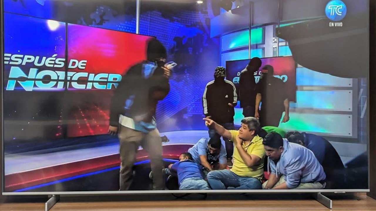 Encapuchados toman las instalaciones de un canal de televisión de Ecuador en plena transmisión pic.twitter.com/AcADETtkIs
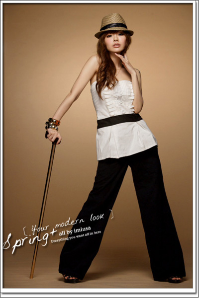 中國風(fēng)材質(zhì)的褲裝,麻質(zhì)的面料在炎炎夏日更加的透氣涼爽!這時當然少不了一件寬松的褲裝。以麻質(zhì)來營造一種飄逸的質(zhì)感,一點點的休閑感、一點點的名族風(fēng)情。黑色吊帶上衣是聰明的選擇,既然下身面積大塊那不妨試試上面性感一點!
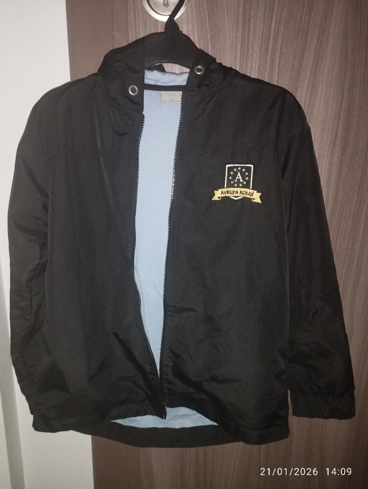 Erkek çocuk için siyah, fermuarlı, notched lapel yakalı, bol kesim ve baskılı desenli yumuşak ve sıcak kumaştan yapılmış ceket.
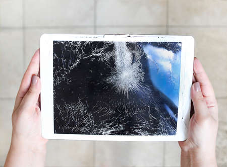 Broken phone, glass in cracks, blue sky reflected in the surface. Despairing, silence, loss of hope. The background is blurred. Vignetting, copyspace.
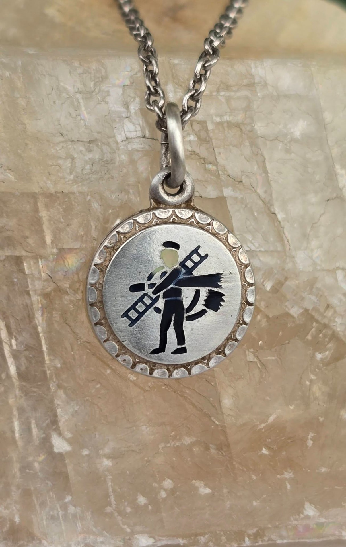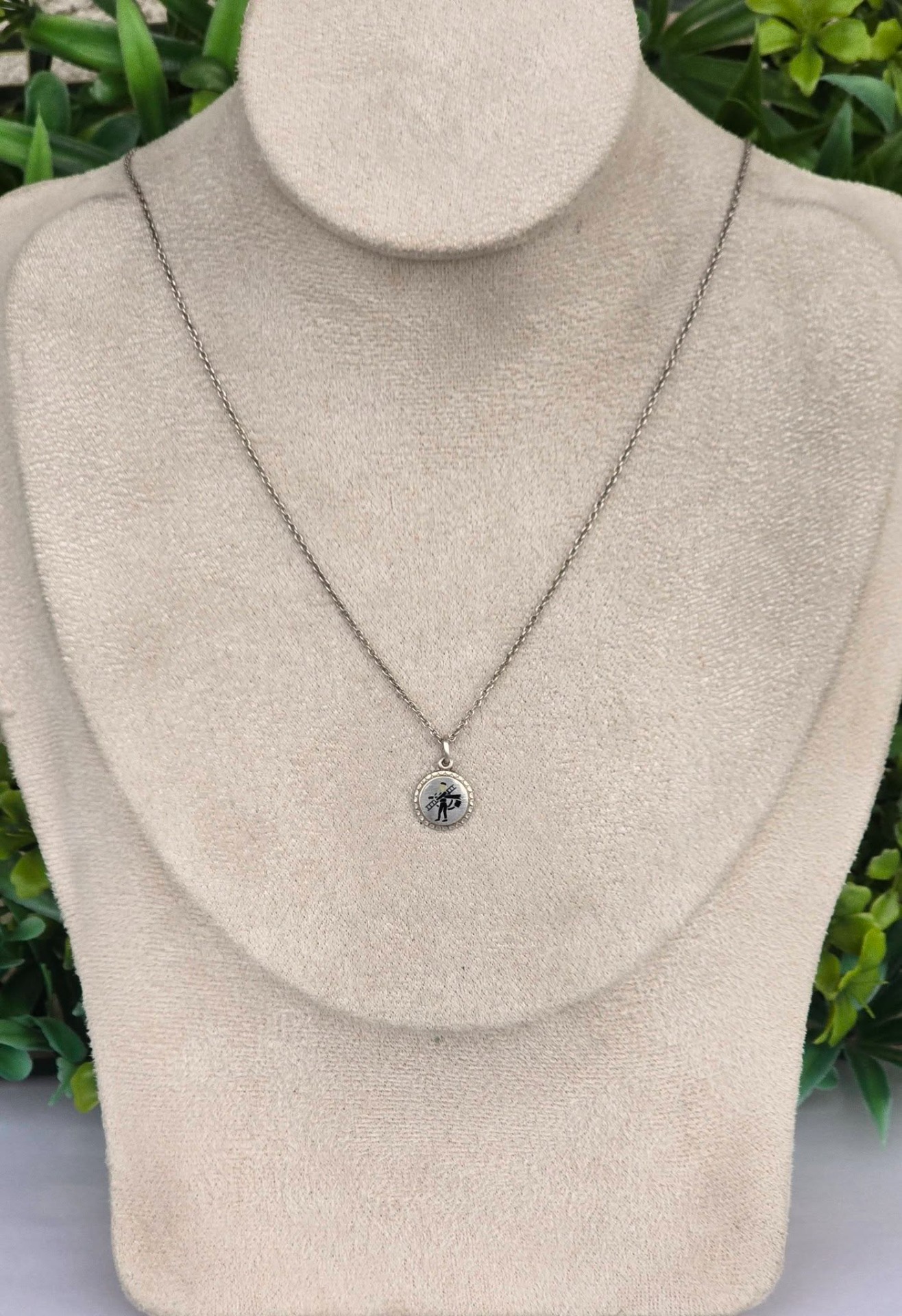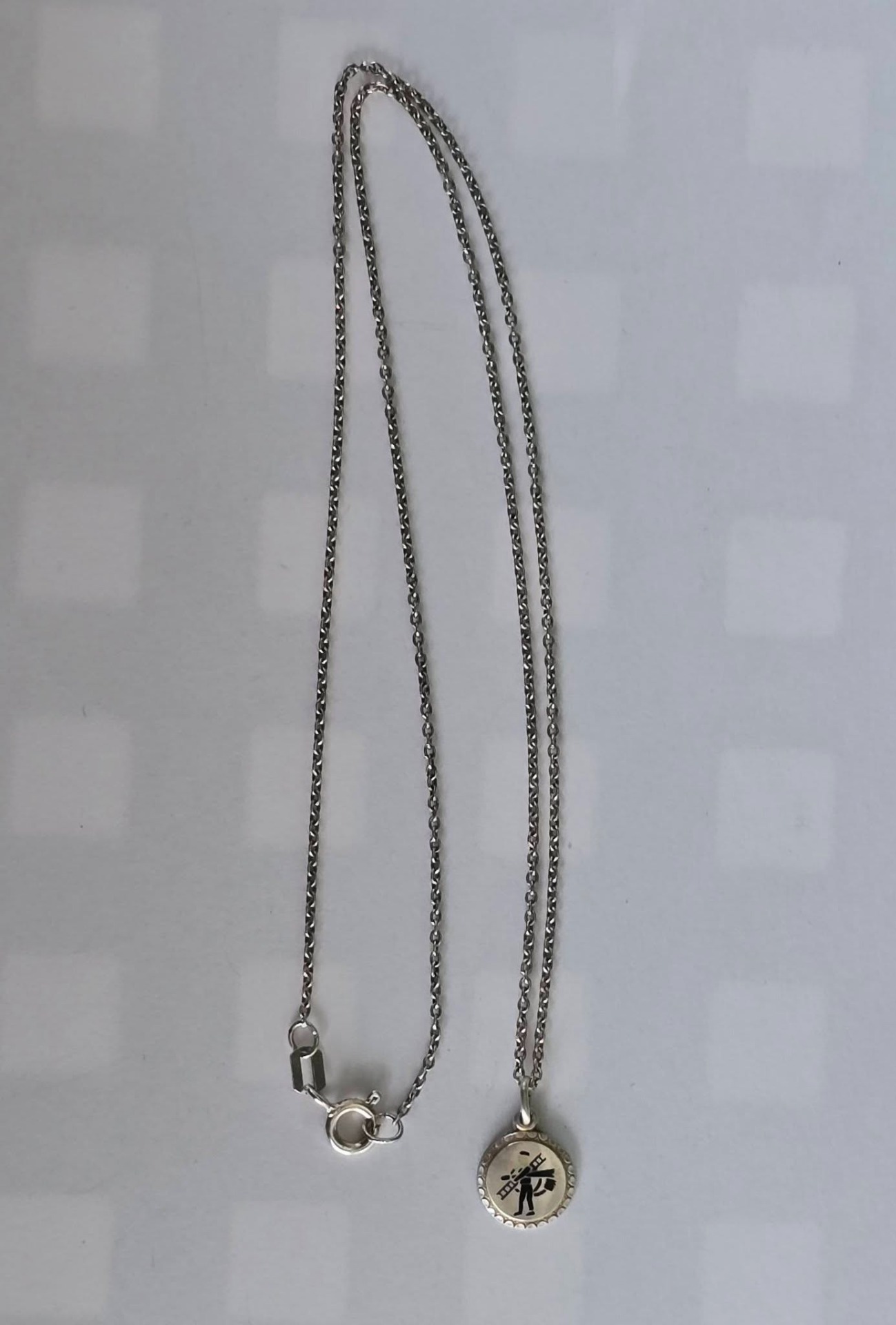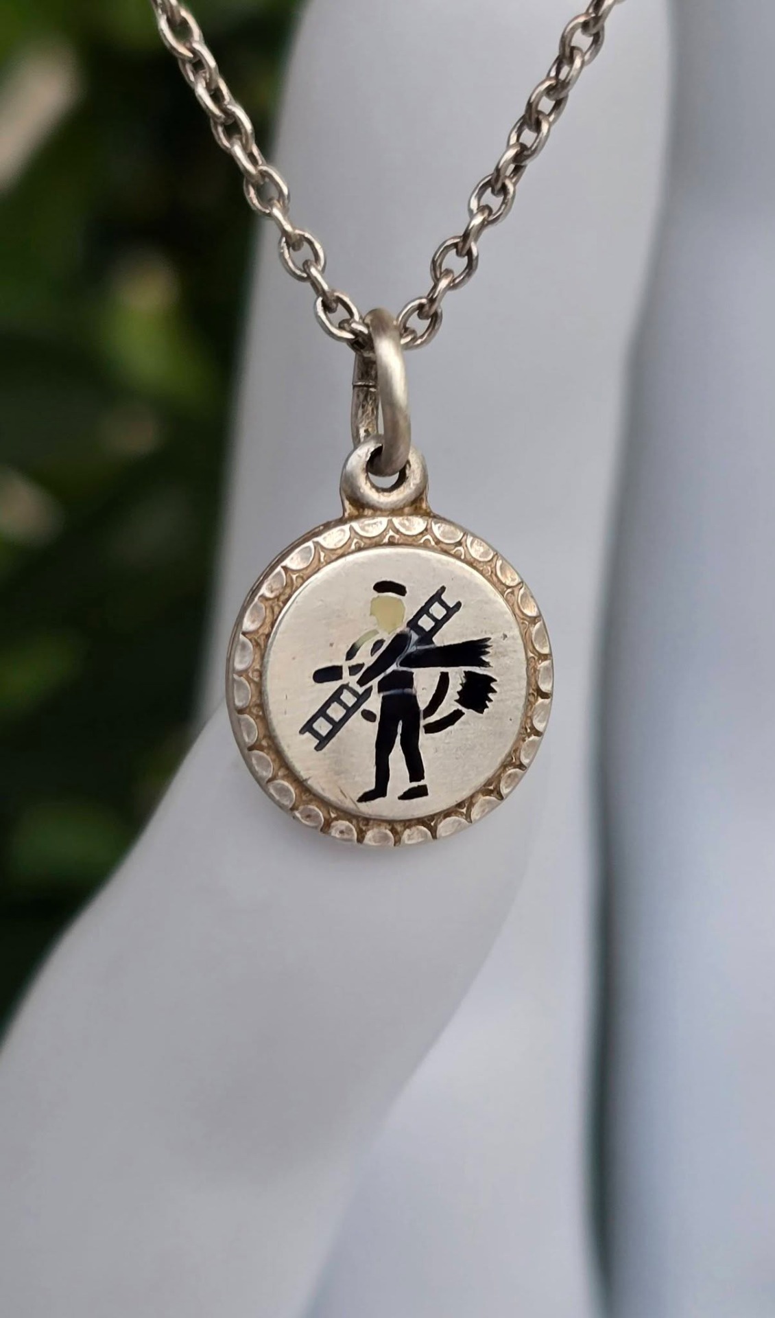 Lanț cu pandantiv vechi din argint, "lucky charm", rar, de colecție, cu email pictat manual, frumos stilizat cu un coșar, simbol clasic al norocului, manufactură de meșter austriac de la începutul sec.XX (anii 1900-1915, Imp. Austro-Ungar).
--------
Task instructions |
Print, exactly as written, the lines from the one containing "Erkek çocuk için" to the end of the material, both ends included, and nothing else; no pictures.

Reply |
 Erkek çocuk için siyah, fermuarlı, notched lapel yakalı, bol kesim ve baskılı desenli yumuşak ve sıcak kumaştan yapılmış ceket.
 Broken phone, glass in cracks, blue sky reflected in the surface. Despairing, silence, loss of hope. The background is blurred. Vignetting, copyspace.
 Lanț cu pandantiv vechi din argint, "lucky charm", rar, de colecție, cu email pictat manual, frumos stilizat cu un coșar, simbol clasic al norocului, manufactură de meșter austriac de la începutul sec.XX (anii 1900-1915, Imp. Austro-Ungar).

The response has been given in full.